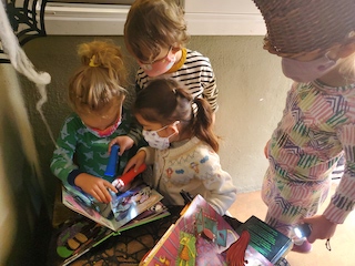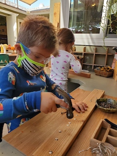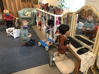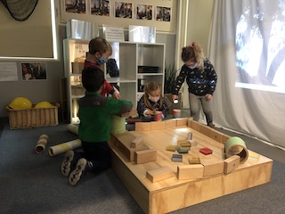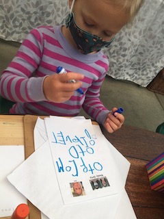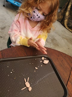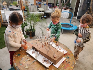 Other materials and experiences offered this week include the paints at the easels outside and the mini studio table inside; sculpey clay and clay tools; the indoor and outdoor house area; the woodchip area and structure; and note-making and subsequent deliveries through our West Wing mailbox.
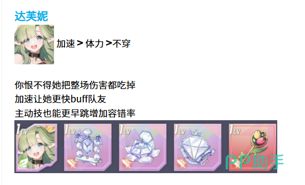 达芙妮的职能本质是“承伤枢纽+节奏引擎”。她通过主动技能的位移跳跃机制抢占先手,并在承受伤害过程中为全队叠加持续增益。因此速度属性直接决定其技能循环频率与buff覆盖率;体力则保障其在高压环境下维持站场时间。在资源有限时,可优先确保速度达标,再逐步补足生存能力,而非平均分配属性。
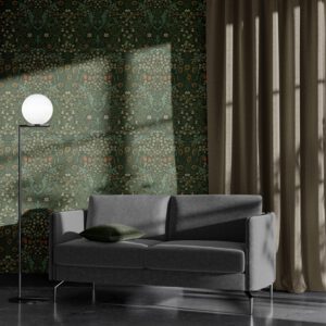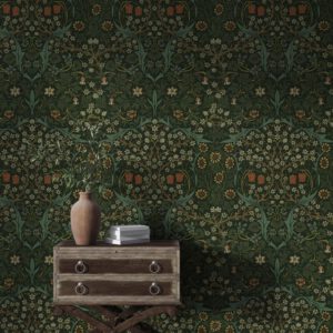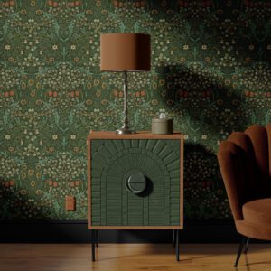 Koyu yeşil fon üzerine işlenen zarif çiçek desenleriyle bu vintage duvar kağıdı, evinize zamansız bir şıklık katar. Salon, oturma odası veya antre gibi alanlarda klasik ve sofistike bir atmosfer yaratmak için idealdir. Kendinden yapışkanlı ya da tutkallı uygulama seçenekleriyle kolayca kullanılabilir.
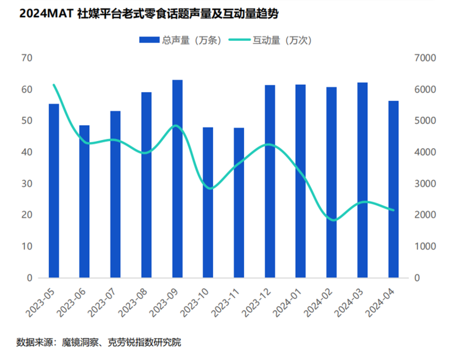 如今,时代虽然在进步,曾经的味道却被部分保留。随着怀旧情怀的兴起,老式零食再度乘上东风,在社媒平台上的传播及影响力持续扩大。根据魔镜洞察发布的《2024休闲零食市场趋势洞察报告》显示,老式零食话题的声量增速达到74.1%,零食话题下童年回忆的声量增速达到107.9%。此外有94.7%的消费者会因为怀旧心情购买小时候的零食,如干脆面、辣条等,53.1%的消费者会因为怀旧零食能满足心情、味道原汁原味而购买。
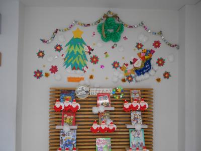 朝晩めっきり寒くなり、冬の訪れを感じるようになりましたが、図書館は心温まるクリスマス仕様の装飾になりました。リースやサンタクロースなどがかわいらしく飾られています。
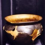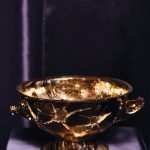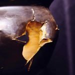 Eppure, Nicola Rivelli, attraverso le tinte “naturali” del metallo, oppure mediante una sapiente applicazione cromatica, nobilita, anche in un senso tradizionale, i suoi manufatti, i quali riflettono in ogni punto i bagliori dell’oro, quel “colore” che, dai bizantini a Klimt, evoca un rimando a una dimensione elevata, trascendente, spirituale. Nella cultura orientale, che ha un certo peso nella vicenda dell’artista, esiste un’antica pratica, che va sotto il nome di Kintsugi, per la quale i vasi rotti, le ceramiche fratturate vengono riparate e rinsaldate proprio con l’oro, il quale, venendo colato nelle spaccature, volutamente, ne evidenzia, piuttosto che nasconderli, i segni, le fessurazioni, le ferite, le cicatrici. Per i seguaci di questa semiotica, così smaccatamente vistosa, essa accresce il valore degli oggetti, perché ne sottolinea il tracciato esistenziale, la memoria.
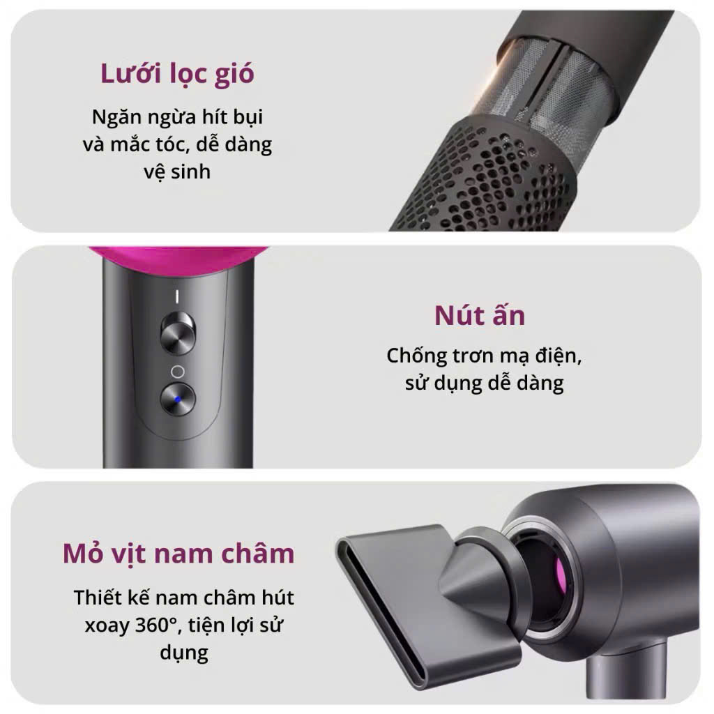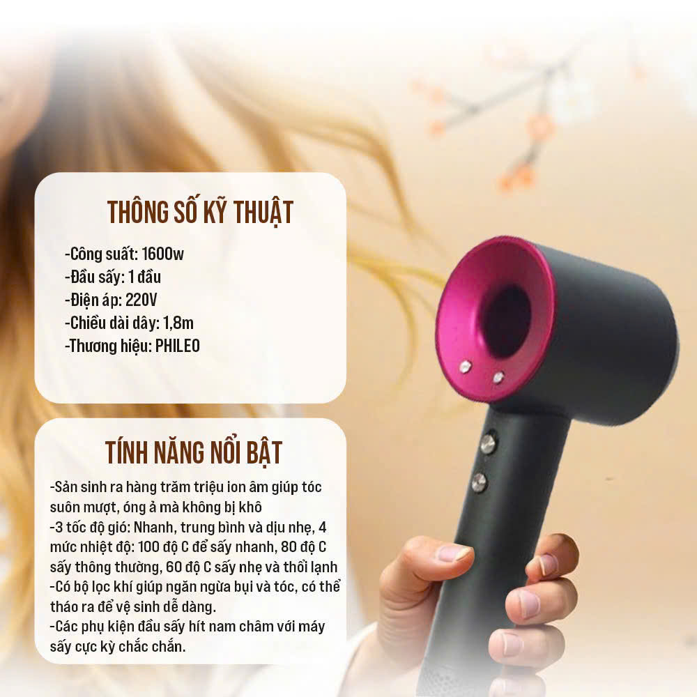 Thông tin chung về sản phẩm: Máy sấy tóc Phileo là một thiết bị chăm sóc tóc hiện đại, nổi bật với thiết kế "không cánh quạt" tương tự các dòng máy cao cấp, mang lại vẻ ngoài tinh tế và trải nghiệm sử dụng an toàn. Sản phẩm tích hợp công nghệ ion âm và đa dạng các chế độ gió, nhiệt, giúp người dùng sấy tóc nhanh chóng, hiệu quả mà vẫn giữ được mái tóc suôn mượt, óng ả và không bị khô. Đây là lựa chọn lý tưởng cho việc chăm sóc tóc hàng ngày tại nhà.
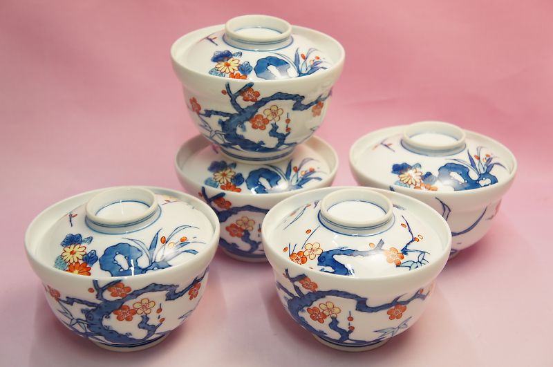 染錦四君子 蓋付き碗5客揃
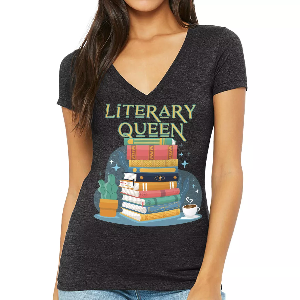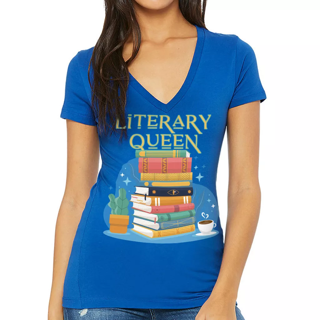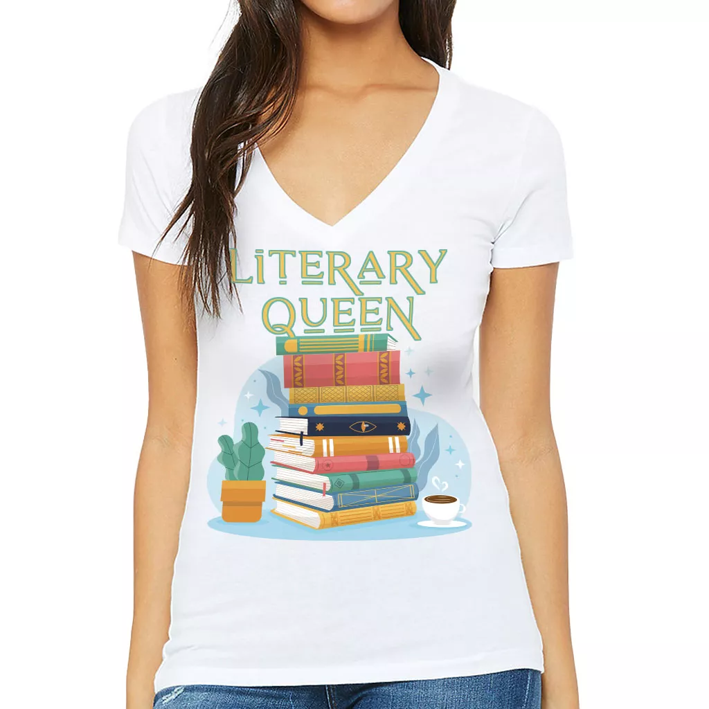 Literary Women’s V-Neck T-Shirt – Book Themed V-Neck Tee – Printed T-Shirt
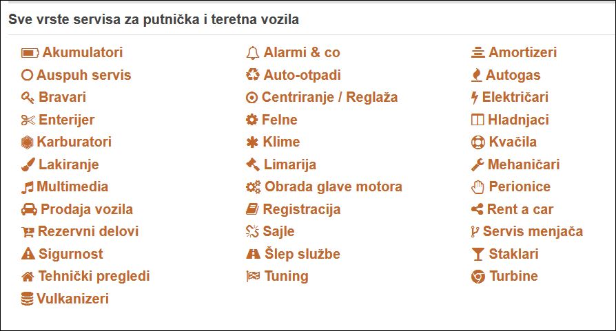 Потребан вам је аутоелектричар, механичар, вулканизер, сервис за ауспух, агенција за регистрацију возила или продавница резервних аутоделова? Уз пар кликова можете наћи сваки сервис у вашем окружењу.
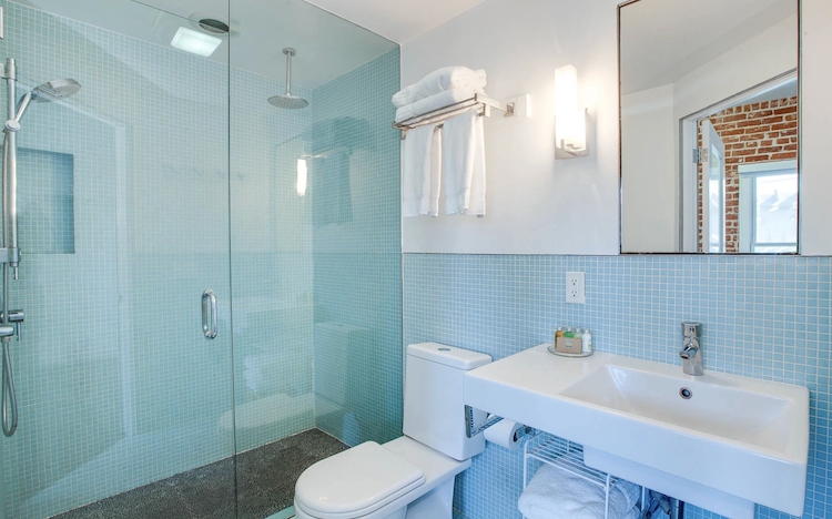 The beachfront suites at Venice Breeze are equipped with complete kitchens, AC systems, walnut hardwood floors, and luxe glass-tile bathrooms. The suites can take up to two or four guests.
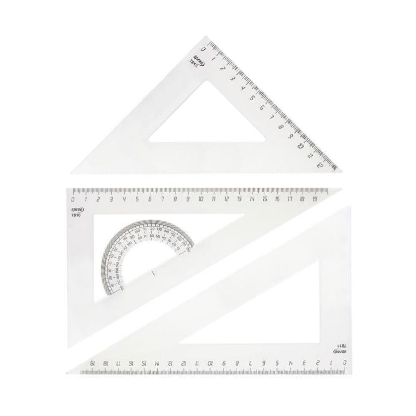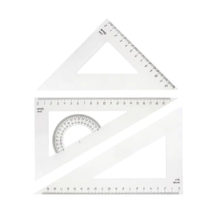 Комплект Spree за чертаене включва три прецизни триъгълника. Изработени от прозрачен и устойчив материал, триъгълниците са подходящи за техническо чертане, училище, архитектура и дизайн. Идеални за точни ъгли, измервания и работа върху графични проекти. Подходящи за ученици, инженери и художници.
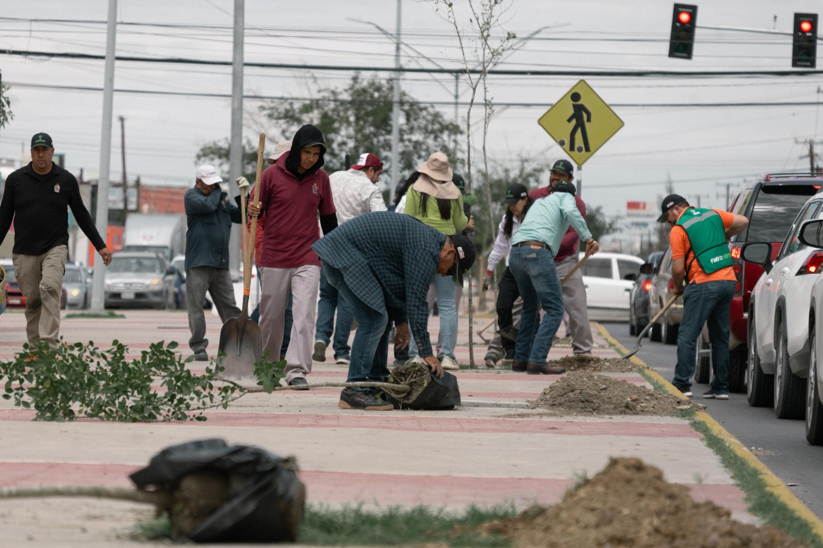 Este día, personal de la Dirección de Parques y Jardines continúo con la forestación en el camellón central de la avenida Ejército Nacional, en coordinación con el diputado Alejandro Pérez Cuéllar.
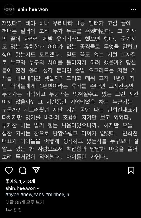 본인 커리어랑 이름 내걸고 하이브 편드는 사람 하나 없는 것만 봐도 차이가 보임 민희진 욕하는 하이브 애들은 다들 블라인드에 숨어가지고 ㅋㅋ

§ §

» **Problem description**:
What is needed is an exact copy of every entry, minus the images.

» **Output of the task**:
 Other materials and experiences offered this week include the paints at the easels outside and the mini studio table inside; sculpey clay and clay tools; the indoor and outdoor house area; the woodchip area and structure; and note-making and subsequent deliveries through our West Wing mailbox.
 达芙妮的职能本质是“承伤枢纽+节奏引擎”。她通过主动技能的位移跳跃机制抢占先手,并在承受伤害过程中为全队叠加持续增益。因此速度属性直接决定其技能循环频率与buff覆盖率;体力则保障其在高压环境下维持站场时间。在资源有限时,可优先确保速度达标,再逐步补足生存能力,而非平均分配属性。
 Koyu yeşil fon üzerine işlenen zarif çiçek desenleriyle bu vintage duvar kağıdı, evinize zamansız bir şıklık katar. Salon, oturma odası veya antre gibi alanlarda klasik ve sofistike bir atmosfer yaratmak için idealdir. Kendinden yapışkanlı ya da tutkallı uygulama seçenekleriyle kolayca kullanılabilir.
 如今,时代虽然在进步,曾经的味道却被部分保留。随着怀旧情怀的兴起,老式零食再度乘上东风,在社媒平台上的传播及影响力持续扩大。根据魔镜洞察发布的《2024休闲零食市场趋势洞察报告》显示,老式零食话题的声量增速达到74.1%,零食话题下童年回忆的声量增速达到107.9%。此外有94.7%的消费者会因为怀旧心情购买小时候的零食,如干脆面、辣条等,53.1%的消费者会因为怀旧零食能满足心情、味道原汁原味而购买。
 朝晩めっきり寒くなり、冬の訪れを感じるようになりましたが、図書館は心温まるクリスマス仕様の装飾になりました。リースやサンタクロースなどがかわいらしく飾られています。
 Eppure, Nicola Rivelli, attraverso le tinte “naturali” del metallo, oppure mediante una sapiente applicazione cromatica, nobilita, anche in un senso tradizionale, i suoi manufatti, i quali riflettono in ogni punto i bagliori dell’oro, quel “colore” che, dai bizantini a Klimt, evoca un rimando a una dimensione elevata, trascendente, spirituale. Nella cultura orientale, che ha un certo peso nella vicenda dell’artista, esiste un’antica pratica, che va sotto il nome di Kintsugi, per la quale i vasi rotti, le ceramiche fratturate vengono riparate e rinsaldate proprio con l’oro, il quale, venendo colato nelle spaccature, volutamente, ne evidenzia, piuttosto che nasconderli, i segni, le fessurazioni, le ferite, le cicatrici. Per i seguaci di questa semiotica, così smaccatamente vistosa, essa accresce il valore degli oggetti, perché ne sottolinea il tracciato esistenziale, la memoria.
 Thông tin chung về sản phẩm: Máy sấy tóc Phileo là một thiết bị chăm sóc tóc hiện đại, nổi bật với thiết kế "không cánh quạt" tương tự các dòng máy cao cấp, mang lại vẻ ngoài tinh tế và trải nghiệm sử dụng an toàn. Sản phẩm tích hợp công nghệ ion âm và đa dạng các chế độ gió, nhiệt, giúp người dùng sấy tóc nhanh chóng, hiệu quả mà vẫn giữ được mái tóc suôn mượt, óng ả và không bị khô. Đây là lựa chọn lý tưởng cho việc chăm sóc tóc hàng ngày tại nhà.
 染錦四君子 蓋付き碗5客揃
 Literary Women’s V-Neck T-Shirt – Book Themed V-Neck Tee – Printed T-Shirt
 Потребан вам је аутоелектричар, механичар, вулканизер, сервис за ауспух, агенција за регистрацију возила или продавница резервних аутоделова? Уз пар кликова можете наћи сваки сервис у вашем окружењу.
 The beachfront suites at Venice Breeze are equipped with complete kitchens, AC systems, walnut hardwood floors, and luxe glass-tile bathrooms. The suites can take up to two or four guests.
 Комплект Spree за чертаене включва три прецизни триъгълника. Изработени от прозрачен и устойчив материал, триъгълниците са подходящи за техническо чертане, училище, архитектура и дизайн. Идеални за точни ъгли, измервания и работа върху графични проекти. Подходящи за ученици, инженери и художници.
 Este día, personal de la Dirección de Parques y Jardines continúo con la forestación en el camellón central de la avenida Ejército Nacional, en coordinación con el diputado Alejandro Pérez Cuéllar.
 본인 커리어랑 이름 내걸고 하이브 편드는 사람 하나 없는 것만 봐도 차이가 보임 민희진 욕하는 하이브 애들은 다들 블라인드에 숨어가지고 ㅋㅋ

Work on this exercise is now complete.